There are multiple examples of the legislature using the listed definitional phrases to create specific intent crimes. See Minn.Stat. § 609.582 (1994) (burglary); Minn.Stat. § 609.19(1) (1994) (second-degree intentional murder); Minn.Stat. § 609.52, subd. 2(1) (1994) (theft); Minn.Stat. § 609.611 (1994) (defrauding insurer); Minn.Stat. § 609.625 (1994) (aggravated forgery). In fact the language of other harassment statutes indicates the legislature's ability to distinguish between general and specific intent crimes by using these phrases. See Minn.Stat. § 609.713 (1994) (terroristic threats, requiring specific intent); Minn.Stat. § 609.746 (1994) (interference with privacy, requiring specific intent); Minn.Stat. § 609.79 (1994) (obscene or harassing telephone calls, requiring specific intent).

Statutes that use the term "intentional" to modify a type of behavior make the results of the conduct, rather than the actor's mental state, criminal. To prove a general intent crime, the state must show that the intentional conduct resulted in the outcome proscribed under the statute. In this manner "intentional" is used to distinguish criminal conduct from the accidental. Under this construction of intentional conduct, the state met its burden of proof when Orsello admitted that he purposefully did the acts alleged as harassment.

For intentional conduct to become harassment under Minn.Stat. § 609.749, two additional requirements must be met. First, the intentional conduct must be on the specific, albeit not exhaustive, list of acts defining harassment in subdivision two. Second, it must be done in a manner that would cause a reasonable person under the circumstances to feel oppressed, persecuted, or intimidated, and have that effect on the victim. The list provides specificity for the accused, law enforcement, and the jury on what types of acts may violate the statute. The reasonable person requirement provides a standard for evaluating the nature of the accused's actions. We conclude that by using these two devices, the legislature mitigated the potential disadvantage worked against defendants of a general intent crime while preserving its goal of not requiring a specific intent to harass. We do not find the statute inherently ambiguous and thus decline to apply the rule of lenity as Paul Orsello urges.

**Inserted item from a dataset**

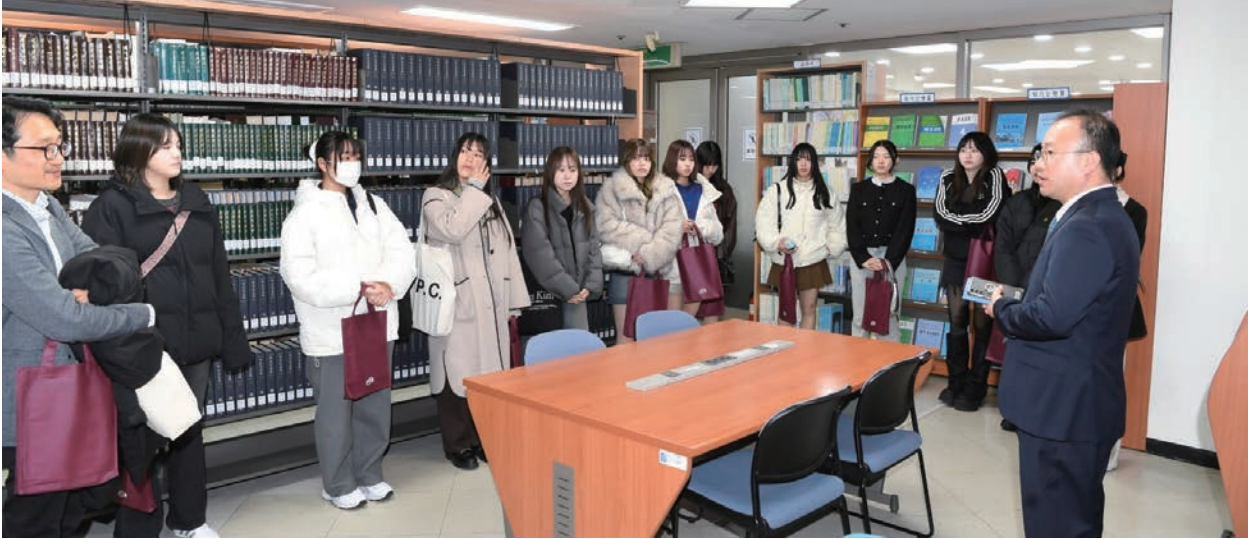
3월 6일 일본 도쿄하대 외국인 학생단 방문

경남대 극동문제연구소 도서관은 국내외의 북한·통일문제 연구자, 대학(원)생, 정관계 인사 등 방문자를 대상으로 설명회를 실시하였다.

Three final issues are affected in varying degrees by our scope of review. First, we reject Orsello's claim, that he should be granted a new trial for the "undue disadvantage" caused by the district court's changing interpretation of the requisite intent necessary to prove the charge. Orsello has not alleged violation of a specific right *485 nor has he demonstrated actual prejudice. See Minn.R.Crim.P. 31.01. Orsello acknowledged that he did not request permission to present additional evidence after the district court made its final decision on how to instruct on intent. Although the CRIM.JIGs provide guidance on the elements of an offense, a defendant is not entitled to a new trial when the district court departs from them in its jury instruction so long as the instructions accurately state the applicable law. See State v. Williams, 324 N.W.2d 154, 158-59 (Minn.1982).

Second, Orsello argues that the district court improperly admitted a restraining order as Spriegl, evidence because the order's prejudicial effect outweighed its probative value. The district court admitted the evidence to show intent to harass under the Minn.R.Evid. 404(b) exception, but that element of the state's burden of proof was eliminated by the changed jury instructions. Nonetheless, the restraining order was relevant to assess the effect of Paul Orsello's intentional conduct on a reasonable person under the circumstances. The clear jury instructions eliminated any possible jury confusion about its role in adjudicating the harassment charge, and we conclude there was no reversible error in admitting it. Orsello did not raise this argument as a separate issue in his brief to this court and did not include it as a basis for his motion for new trial. At oral argument Orsello also argued that the district court erred in admitting evidence of a conviction for violating the restraining order. Because the admission of the conviction was not raised or even discussed in the brief, we do not address it.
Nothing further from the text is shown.